そのどれに乗って来たか…そこからして探すのは難しい。
しかも、その先にはまたいろんな分かれ道があるだろうし、つまりは僕がどこから来たかなんて探りようがないってことだ。
 僕の記憶が戻るまで、それはわからないってことなんだ。」

 「そうね……それで……け、結婚のことは……」

アニエスは恥ずかしそうに瞳を伏せ、しかし、肝心のことを真正面から切り出した。



 「アニエス…あの話はなかったことにしてくれ。」

 「えっ……
 ……そ、そう……わ、わかったわ。」

アニエスは懸命に平静を装ったが、その声は震え、瞳にはすでに涙が溜まっていた。



 「それでね…僕、アニエスにお願いしたいことがあるんだ。」

 「……何かしら?」

 「僕と結婚して下さい。」

 「……ミカエル……今、なんて?」

アニエスはわけがわからず、戸惑いと不安の入り混じった顔で、ミカエルに問いかけた。



 「だから……結婚してほしいって言ったんだよ。

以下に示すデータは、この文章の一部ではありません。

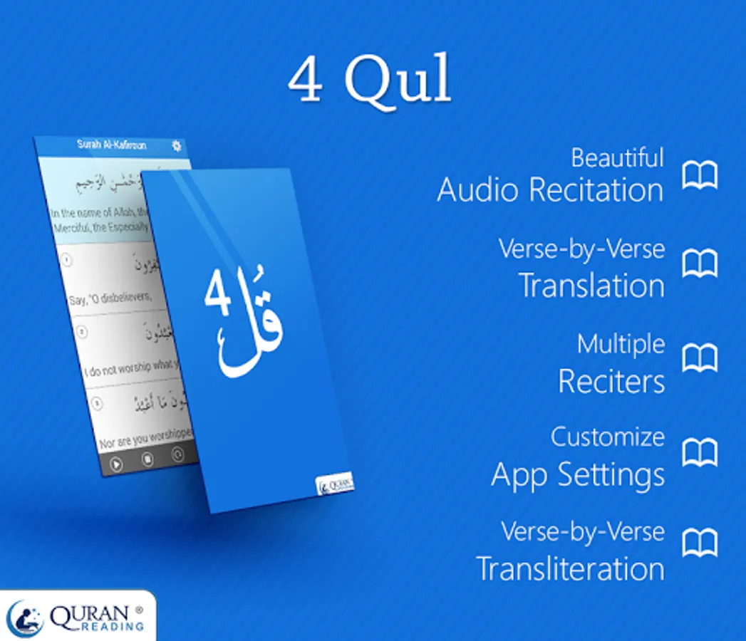 4 Qul of Quran is an Islamic Application which contains highly effective Four Holy Surahs of Al-Quran Majeed, i.e. Al-Kafiroon, Al-Ikhlas, Al-Falaq and An-Nas. It lets Muslims all over the world recite, learn and listen to beautiful narration of these Sacred Chapters any time. It also comes up with Translation and Transliteration attributes that make the learning process easier.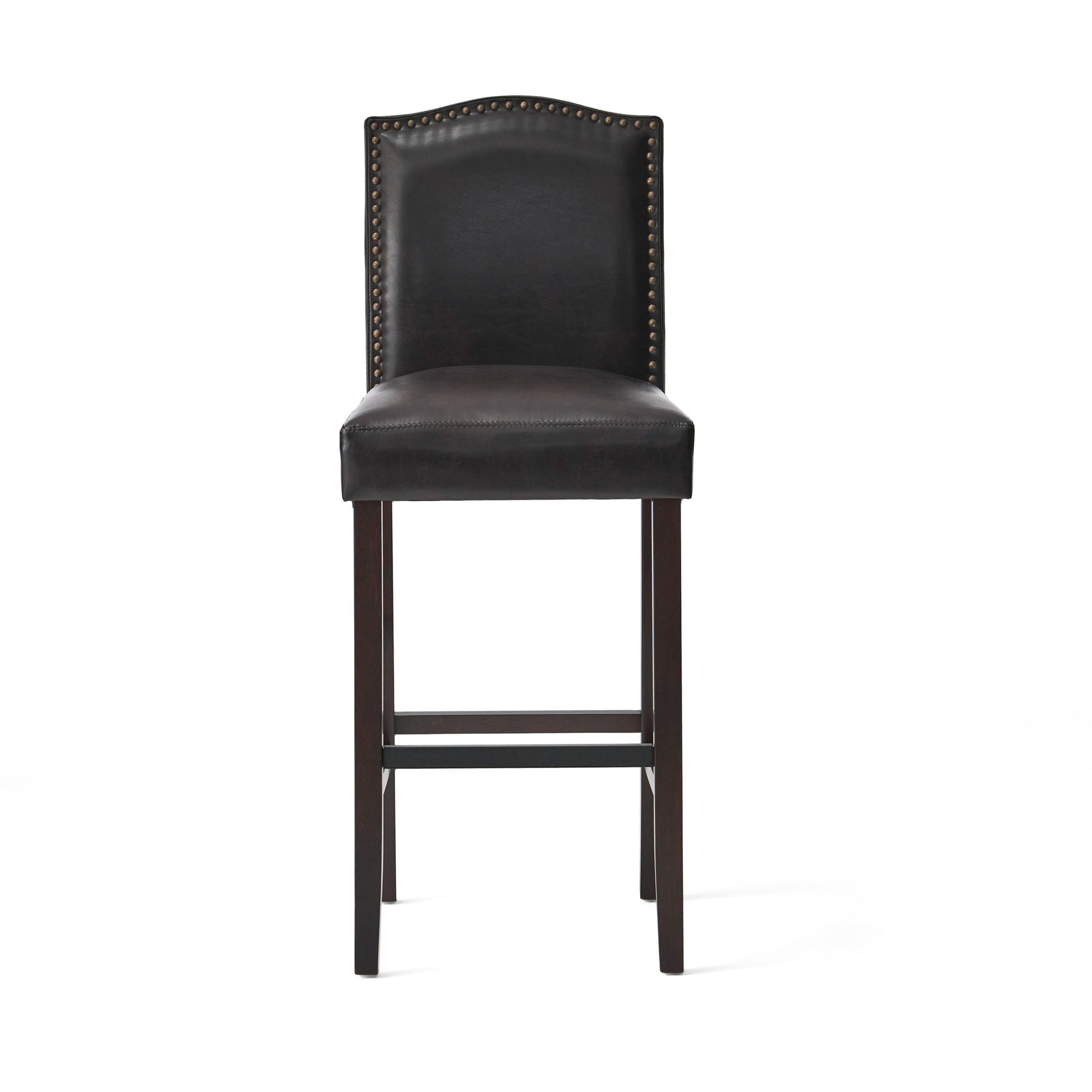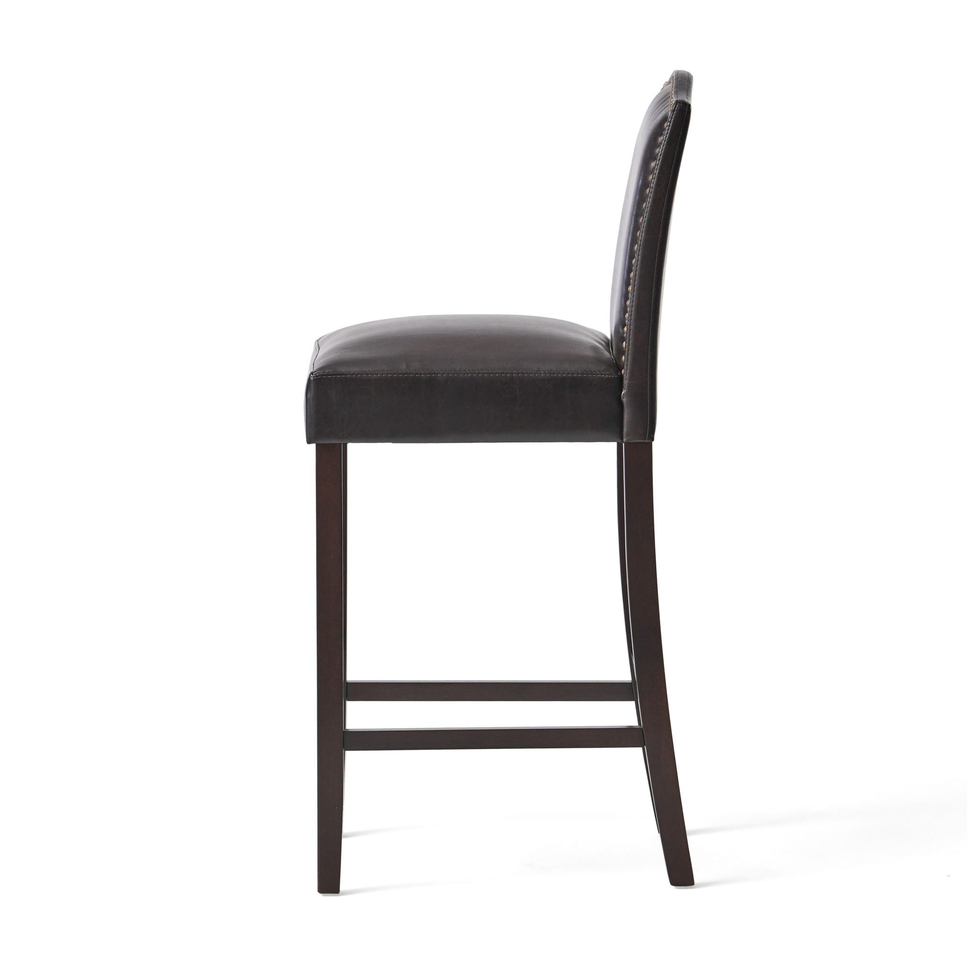 Bar Stools (Set of 2), Upholstered Barstools Armless, Rubber Wood Leg - Brown

」

 「でも、あの話はなかったことにって……」

ミカエルは微笑み、アニエスの手にそっと自分の手を重ねた。



 「今までの僕は、自分の過去に怯えてばかりで、正直、自分の殻に閉じこもってるようなところがあったんだ。
だけど、こないだの君の話で、僕はこうして前に踏み出すことが出来た。
 君は僕のことを愛しているし、信じてるって言ってくれたよね。
 愛と信頼さえあれば、それで良いんだって……
あの言葉が、あの日から妙に心に残って……
そして、改めて気付いたんだ。
 僕も、君のことを愛しているし、心から信頼してる。
どこの誰ともわからない僕を助け、そしてずっと面倒をみてくれた。
 君以上に信頼出来る人はこの世にいないよ。」

 「でも…だったら、なぜ……」

ミカエルは子供のような無邪気な顔で小さく笑う。